The resin film 40A used for laminating has an adhesive layer 42A formed by uniformly applying an adhesive on one surface of a transparent base film 41A having low gas permeability. Similarly, the resin film 40B has an adhesive layer 42B formed by uniformly applying a transparent adhesive on one surface of a transparent base film 41B having low gas permeability.
As base film 41A, 41B, the film which consists of resin, such as polyester, such as PET (polyethylene terephthalate) and PEN (polyethylene naphthalate), PES (polyether sulfone), PC (polycarbonate), PE (polyethylene), for example is mentioned. It is done. Its thickness is about 50 μm.
As the adhesive, for example, a thermosetting epoxy resin can be used. Moreover, it is good also as an adhesive which has adhesiveness. Repair properties can be realized by using an adhesive.

  The display panel 110 is sandwiched so that the adhesive layers 42A and 42B face each other, and the two resin films 40A and 40B are laminated. Further, in order to ensure moisture resistance of the organic EL element 11, in other words, sealing properties, the spaces 43 and 44 that may be generated around the display panel 110 during lamination are filled with a sealing resin. . In other words, the display panel 110 is laminated together with the sealing resin, and a part 45 of the protruding sealing resin is raised on the end surfaces of the resin films 40A and 40B.

  A relay substrate 120A is mounted on the terminal portion 10a of the element substrate 10 using an anisotropic conductive film (ACF) 7A. The surface of the relay substrate 120A excluding the connecting portion is covered with an insulating protective film such as polyimide or solder resist to ensure the adhesion between the adhesive layers 42A and 42B of the resin films 40A and 40B and the protective film. In order to do this, intermediate adhesive layers 8A and 9A showing adhesiveness are provided at both interfaces.

  The display unit 130 having such a configuration is a so-called sheet shape (plate shape), and the display surface can be curved by following external stress to some extent.

  Since the display panel 110 includes the organic EL element 11 having a top emission structure, it is not necessary to extract light from the element substrate 10 side. Therefore, the resin film 40B covering the element substrate 10 side does not need to be transparent, and may be an opaque resin film provided with a heat conductor such as a metal thin film that can be laminated. It is possible to dissipate heat generated by the light emission of the organic EL element 11 by the heat conductor.

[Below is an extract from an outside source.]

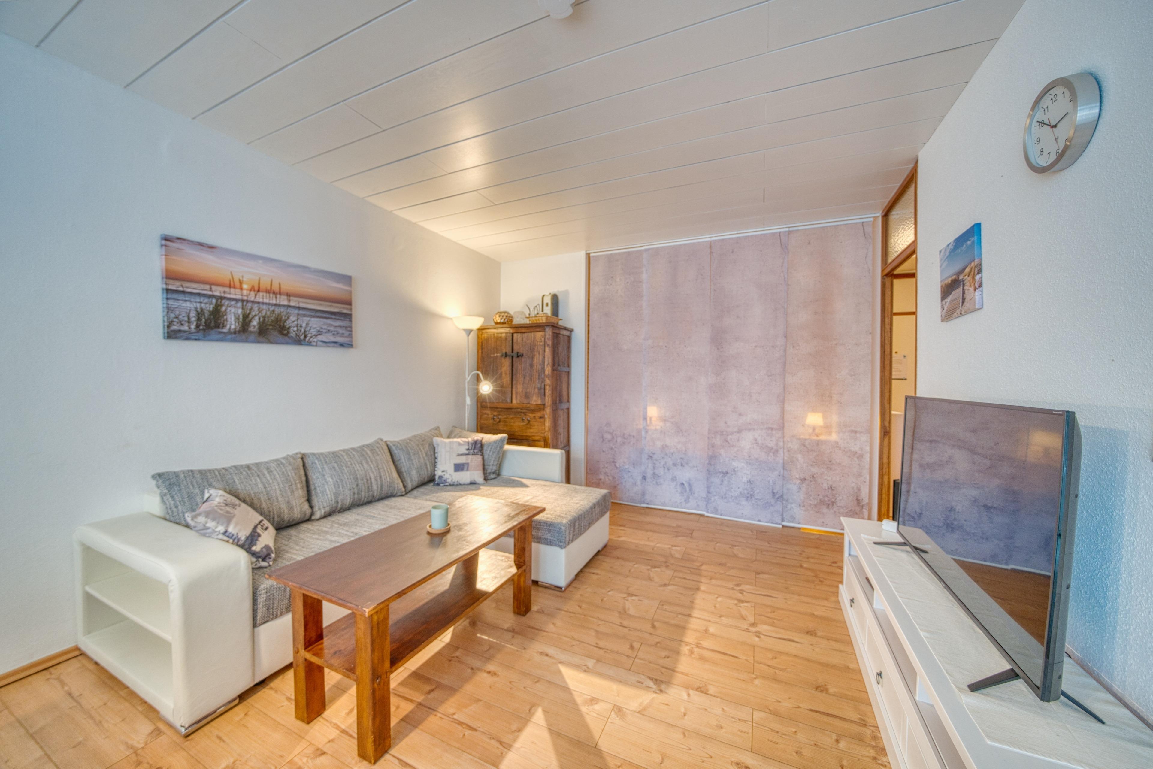 Gemütliche 1-Zimmer-Wohnung mit Südbalkon und seitlichem Binnenseeblick. 45?m² Wohnfläche für bis zu 4 Personen – ideal für Paare, Familien oder kleine Gruppen. Wohn-/Essbereich mit Flachbild-TV und Radio, Schlafbereich mit Doppelbett (140 x 200?cm) sowie Schlafcouch im Wohnzimmer. Komplett ausgestattete Küche mit Geschirrspüler, Waschmaschine, Mikrowelle, Kühlschrank, 4-Platten-Cerankochfeld und Mini-Backofen. Bad mit Dusche und WC. Kostenloses WLAN inklusive. Nichtraucherwohnung, keine Haustiere. Zentrale Lage im Ferienpark: ca. 300?m zum Ostseestrand, Promenade, Seebrücke, Aktiv-Hus, Restaurants, Bäcker und Einkaufsmöglichkeiten fußläufig erreichbar.

  Next, the electrical configuration of the display device 100 will be described. As shown in FIG. 3, the display device 100 includes a display unit 130, a display control unit 131 that receives the display signal and controls the display unit 130, and an AC (alternating current) or DC (direct current) external power source. And a power supply circuit 132 that supplies driving power to the display control unit 131.

  The display control unit 131 turns on the R, G, and B organic EL elements 11 in response to the input of the display signal. Further, the organic EL element 11 can change the luminance (intensity) of light emission depending on the amount of current flowing therethrough. Therefore, the display control unit 131 can not only turn on and off each organic EL element 11, but also can turn on the display with a lower luminance by reducing the amount of current compared to when the organic EL element 11 is turned on. Hereinafter, the lighting state with such a low luminance is referred to as dimming.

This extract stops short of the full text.